*Source information*:
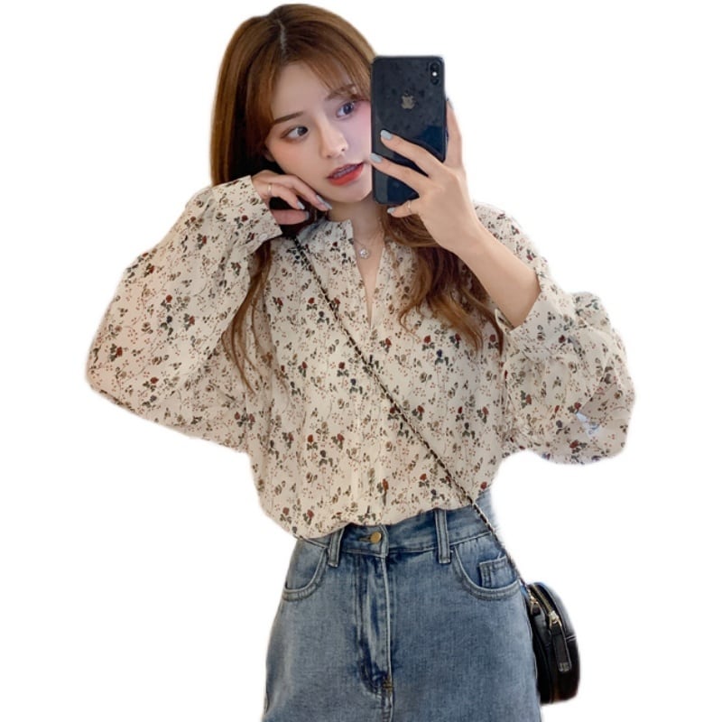 清楚なフラワープリントのブラウス
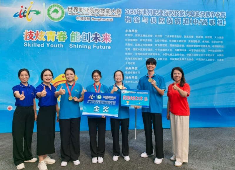 新闻网讯(通讯员 李雪平)8月31日,2025年世界职业院校技能大赛总决赛争夺赛物流与供应链赛道(高职组)在福建漳州圆满落幕。武汉职业技术大学现代物流管理专业刘美、张香雨、伍志福、王静组成的参赛团队,凭借扎实专业能力和出色协作精神,从全国131支参赛队伍中脱颖而出,勇夺全国金奖。这是我校继2024年获该赛项金奖后再次折桂,实现蝉联。
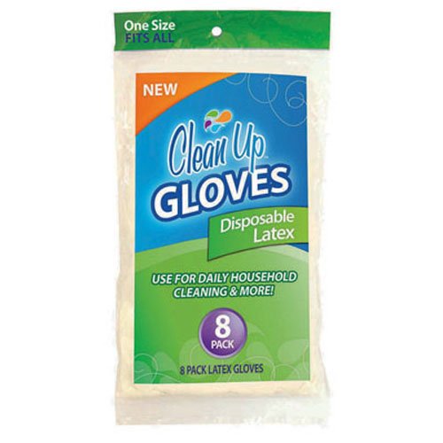 Product DescriptionClean Up Disposable Latex Gloves protect your hands from the daily use of harsh detergents and household cleaners. One size fits all.0
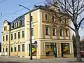 vor 1897 (Mietshaus) straßenbildprägender, repräsentativer Putzbau der 1890er Jahre mit Mansardwalmdach, zeittypisch historisierende Natursteingliederung, Lage und Eingangsbereich durch verbrochene Ecke und Mittelrisalit mit Turmaufsatz besonders hervorgehoben, baugeschichtlich und stadtentwicklungsgeschichtlich von Bedeutung. 09211895
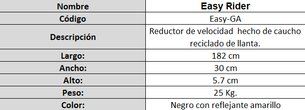 Los reductores de velocidad Easy Rider son:
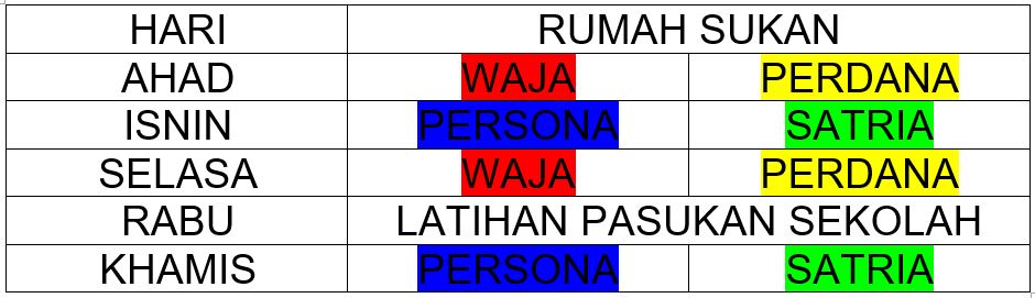 Rumah Sukan RUMAH WAJA RUMAH SATRIA RUMAH PERDANA RUMAH PERSONA Jadual Latihan Rumah Sukan *Waktu latihan bermula jam 4:30 petang hingga 6:00 petang Share this: Share on X (Opens in new window) X Share on Facebook (Opens in new window) Facebook More Share on Telegram (Opens in new window) Telegram Share on WhatsApp (Opens in new window) WhatsApp Like Loading...
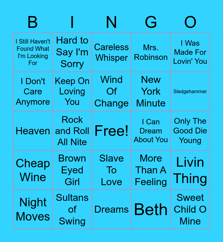This bingo card has a free space and 49 words: The Boys Of Summer, Sweet Child O Mine, Africa, Dreams, Brown Eyed Girl, Crazy Love, Hard to Say I'm Sorry, (Don't Fear) The Reaper, I Don't Care Anymore, Higher Love, Keep On Loving You, Mrs. Robinson, Livin Thing, More Than A Feeling, Losing My Religion, Everybody Wants To Rule The World, Wind Of Change, I Can Dream About You, Glory Of Love, I Was Made For Lovin' You, Rock and Roll All Nite, Beth, I Still Haven't Found What I'm Looking For, New York Minute, Time After Time, Sledgehammer, Night Moves, Have You Ever Seen The Rain, Slave To Love, Cheap Wine, True, Landslide, The Chain, September, Sultans of Swing, Jack and Diane, Don't You (Forget About Me), Hurts So Good, Only The Good Die Young, Spirit In The Sky, Drive, Invisible Touch, Baby, I Love Your Way, The Logical Song, Heaven, Careless Whisper, How Deep Is Your Love, Crazy and Sir Duke.

*Activity*: With all pictures left out, please transcribe exactly the lines from the start of the material through the line with "Los reductores de".

*Response*:
 清楚なフラワープリントのブラウス
 新闻网讯(通讯员 李雪平)8月31日,2025年世界职业院校技能大赛总决赛争夺赛物流与供应链赛道(高职组)在福建漳州圆满落幕。武汉职业技术大学现代物流管理专业刘美、张香雨、伍志福、王静组成的参赛团队,凭借扎实专业能力和出色协作精神,从全国131支参赛队伍中脱颖而出,勇夺全国金奖。这是我校继2024年获该赛项金奖后再次折桂,实现蝉联。
 Product DescriptionClean Up Disposable Latex Gloves protect your hands from the daily use of harsh detergents and household cleaners. One size fits all.0
 vor 1897 (Mietshaus) straßenbildprägender, repräsentativer Putzbau der 1890er Jahre mit Mansardwalmdach, zeittypisch historisierende Natursteingliederung, Lage und Eingangsbereich durch verbrochene Ecke und Mittelrisalit mit Turmaufsatz besonders hervorgehoben, baugeschichtlich und stadtentwicklungsgeschichtlich von Bedeutung. 09211895
 Los reductores de velocidad Easy Rider son:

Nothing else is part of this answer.